Valid since 1st December 2008
- Validity area
- Offers, conclusion of contract and shape
- Cooperation duties
- Service changes
- Release/ acceptance
- External services
- Conditions of payment, right of retention, charging
- Claims for defects
- Third-party contents, domain names
- Title retention
- Secrecy, naming of reference
- Final provisions
1. Validity area
These general terms of business apply to the whole business connection between toFOUR GmbH, Am Bahnhof 6, 98574 Schmalkalden, following named seller, and the client as far as the client is entrepreneur as defined by § 14 of the Civil Code or a juristic person of the public law.
The seller doesn't recognize general terms of business which stand in the way of these terms of business or general terms of business which deviate from these terms of business, unless the seller expressly consents the validity of the general terms of business. That will also be effective if the making or the acceptance of an offer of the client happens under the hint of the priority validity of the own general terms of business.
These terms of business also apply in the version - which is always currently - to all future business with the client. The version - which is always currently - of the terms of business is always on call in the net under https://www.tofour.net/terms.html.
The seller expressly reserves to change these general terms of business any time and without naming any reasons. The changed general terms of business will be transmitted per email to the client two weeks before its coming into force. If the client doesn't contradict the changed general terms of business within two weeks from access of the changed general terms of business, the changed general terms of business will be regarded as accepted from the client. The seller commits himself in the email - which contains the changed general terms of business - to point separately and plainly emphasized the meaning of time limit of contradiction and the consequences of a not happened contradiction out of the client.

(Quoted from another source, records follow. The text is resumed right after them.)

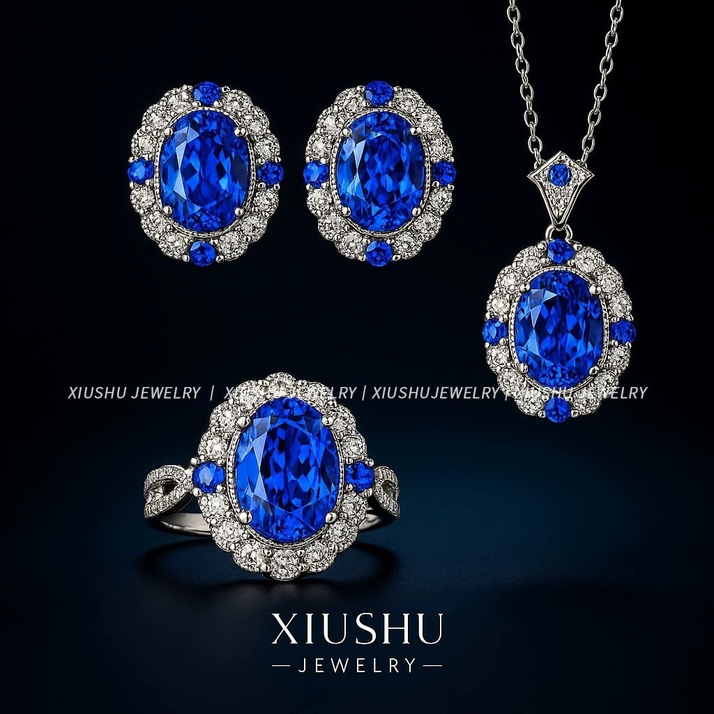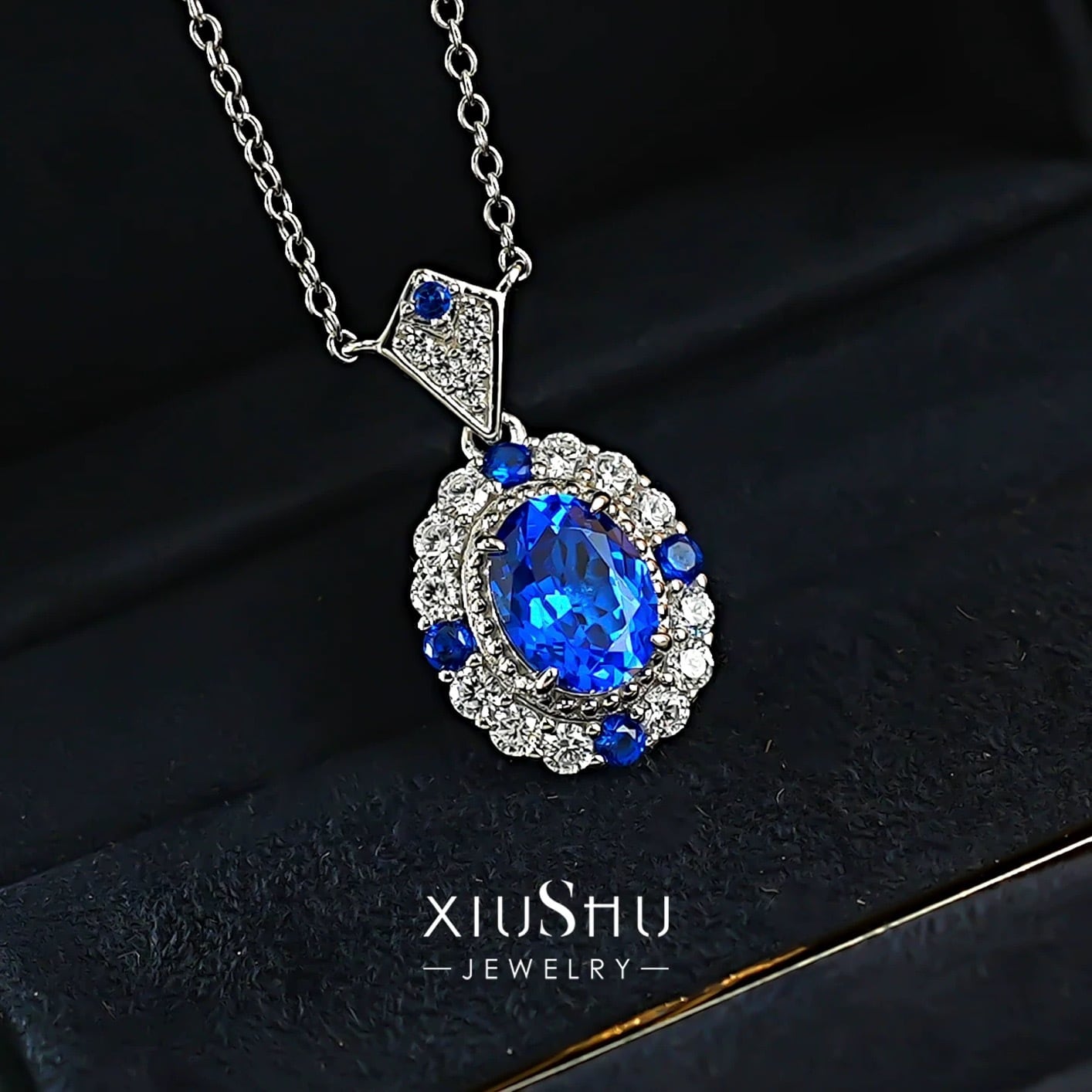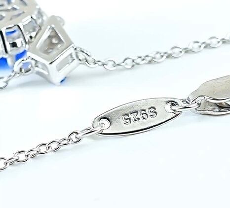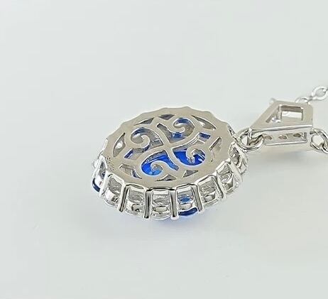 人工コーンフラワーサファイア フルファイアカラー 高透明度 1.5ct オーバル ネックレス ブルー 青 高炭素ダイヤモンド キラキラ ゴージャス ハイカーボンダイヤモンド シルバー925 ラグジュアリー レトロ クール | XIUSHU
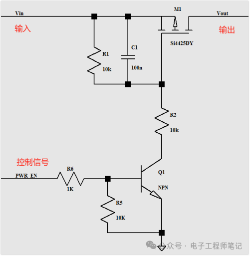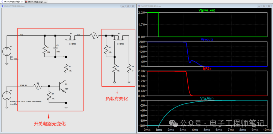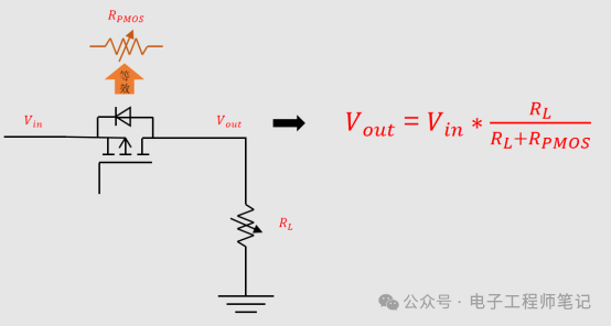 PMOS从导通到关断时,PMOS的阻抗会从接近0(导通),再到电阻无穷大(断开),这里会有一段过程,而PMOS会存在一定的阻值,负载也非恒定电阻。
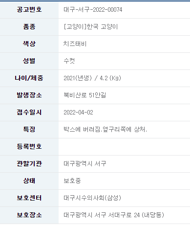 카테고리 없음 22/04/04_유기묘 입양 소식_대구 서구#1 by 나좀데려가개_경북 2022. 4. 3. 유기묘 무료 분양 정보 공유드립니다. 분양 받고자 하시면 아래 링크를 참조해주세요. 유기묘 입양 정보 바로가기 오늘도 새로운 가족을 기다리는 유기묘들이 많이 있습니다. 보다 좋은 환경에서 좋은 가족을 만날 수 있도록 부탁드립니다. 공유하기 게시글 관리 나좀데려가개_경북 저작자표시 비영리 동일조건 (새창열림) 댓글
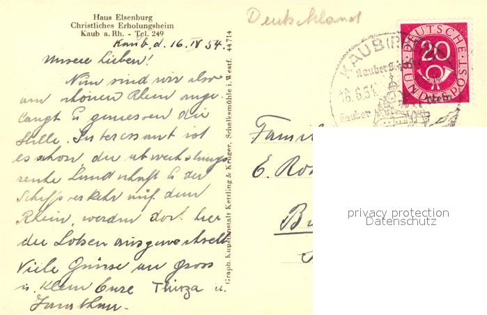43349634 alte Postkarte Kaub Christliches Erholungsheim Haus Elsenburg Weinberge Rheintal postalisch gelaufen Erhaltung siehe scans [FriedD77] KatCode: 11110007141069
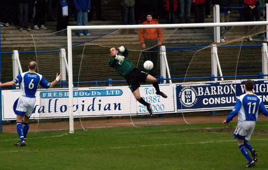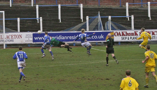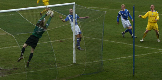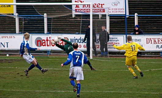 Once again Paul Burns was the man getting into the dangerous areas and within ten minutes of the start he got himself into the box and whipped in a cross come shot that almost made it past Robinson to the prowling McCann, however the keeper managed to hold on. Both Bob Harris and Neil Macfarlane found themselves in the referee's book before Ryan McCann had a direct shot on goal that Robinson again comfortably held.
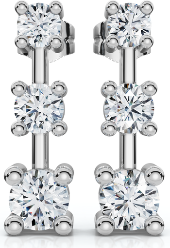 Add timeless sparkle to any look with these 1 Ct Three Stone Drop Earrings, crafted in radiant 10K gold and set with brilliant lab-grown diamonds. Each earring features a graceful vertical trio of round stones, designed to catch the light with every movement for maximum fire and shimmer. Measuring approximately 5/8" tall, the elegant drop silhouette offers noticeable brilliance while remaining refined and wearable for both everyday style and special occasions. The classic three-stone design symbolizes past, present, and future—making these earrings a meaningful gift or personal treasure. Beautifully crafted and ethically created, these diamond drop earrings deliver enduring shine with modern sophistication.
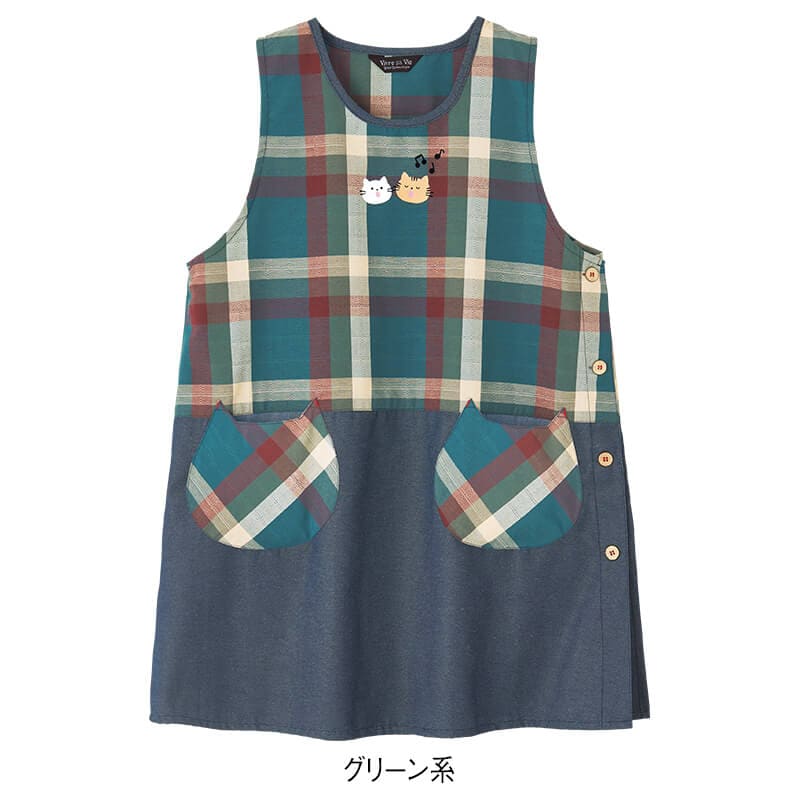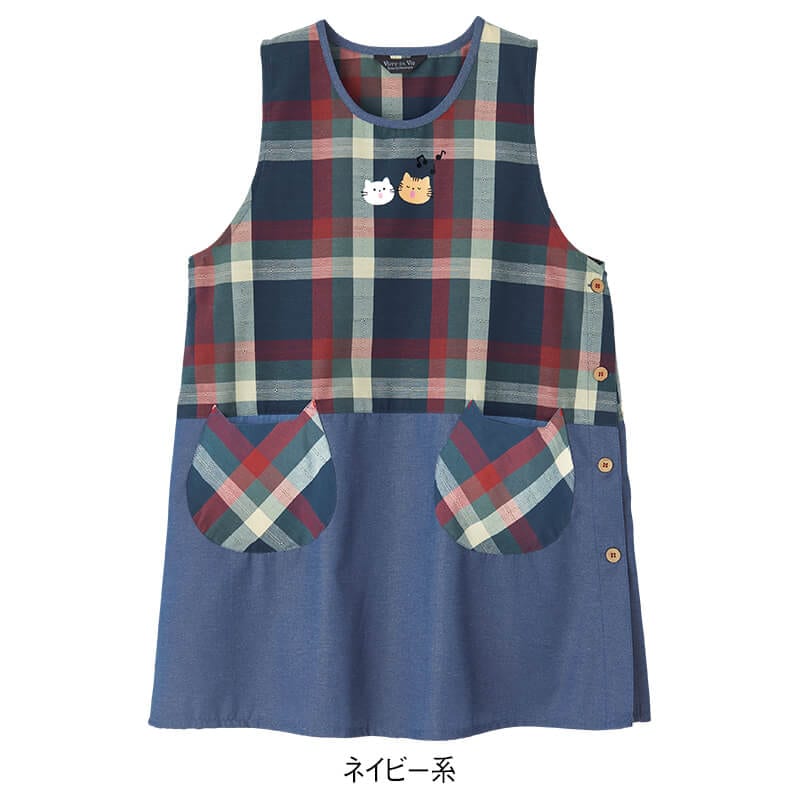 胸元のネコのプリントにも注目!ネコ型ポケット付きチュニックエプロン
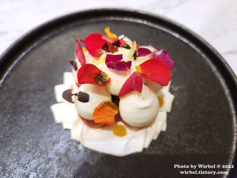 대추 토마토, 부라타, 토마토 젤리, 바질 샤벳.
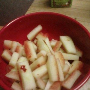 把削好的白色的部分切成小的长条,装到碗里
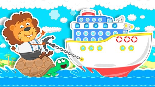 Lion Family Ride me a big Turtle Cartoon for Kids

2. Offers, conclusion of contract and shape
The contract is signed through the confirmation of the offer of the client or acknowledgement of an order of the seller.
Orders which are orally, written, via telex, or electronically given to the seller will only then be regarded as accepted if the seller written, via telex or electronically confirms them.
Offers of the seller are without engagement, so far as not stated in another way. The seller keeps engaged to fixed offers two weeks for want of other fixings, the moment of making is decisive.
Technical and creative deviations from descriptions and makings in brochures, catalogues and written documents because of further technical developments are reserved. Claims opposite the seller can't be enforced out of this.
Property, rights to use for drawings, drafts, layouts, software and other materials and documents which are handed over within the scope of offers and negotiations of a contract aren't granted to the client. The transfer to third persons requires an express agreement of the seller.
The contracting parties name each other persons to turn to who bindingly coordinate all questions concerning the realization of the contract. Substitutes have to be named in case of absence through holiday, illness etc. The parties immediately have to tell each other changes in the named persons. The persons to turn to named before are regarded as entitled to make and accept explanations within the scope of their previous power of representation until the access of such a message.
The persons to turn to come to an agreement with each other about progresses and obstacles during the realization of the contract at regular intervals if concretely required.
The seller prepares a confirmation about the exchange of information and the arrangements of the persons to turn to. This confirmation has to be transmitted to the client. The confirmation will be binding upon the arrangements of the parties if the client doesn't immediately contradict after receiving.
The details of the services - which the seller has produced for the client - result from the description of the services.
The seller isn't obliged to the editing of intermediate data, drafts, layouts, source code etc. - which lead to the contractual service - without separate agreement.
The seller is entitled to partial services as far as these services are reasonable for the client.
The ability of protection and registration by patent, pattern, copyright and trademark law isn't owed the ideas, suggestions, proposals, rough drafts, drafts and other services which are delivered within the scope of the contract without separate agreement.
5. Cooperation duties
The client supports the seller with the fulfilment of his services which are contractual owed. The punctual provision of information, materials, data and hard and software especially belong to this as far as the cooperation duties of the client require this.
If the client recognizes that own information, requests or contents are faulty, incomplete, not clearly or not practicable, he will immediately have to tell the seller this and the recognizable consequences.
If the seller should prepare data for the publication or continuation of the order or service, the client will receive overviews for control per email or web preview before the publication. The client immediately has to report complaints about the data - which are prepared from the seller - to the seller in a written way in case of complaints.
The delivery of data, patterns and manuscripts which are necessary for working or carrying out of the order to the seller can happen electronically, by post or by courier. The client has to bear the costs and dangers for this.
The obligation of data retention - which are handed over to the seller - ends three months after the end of the order/ service relationship.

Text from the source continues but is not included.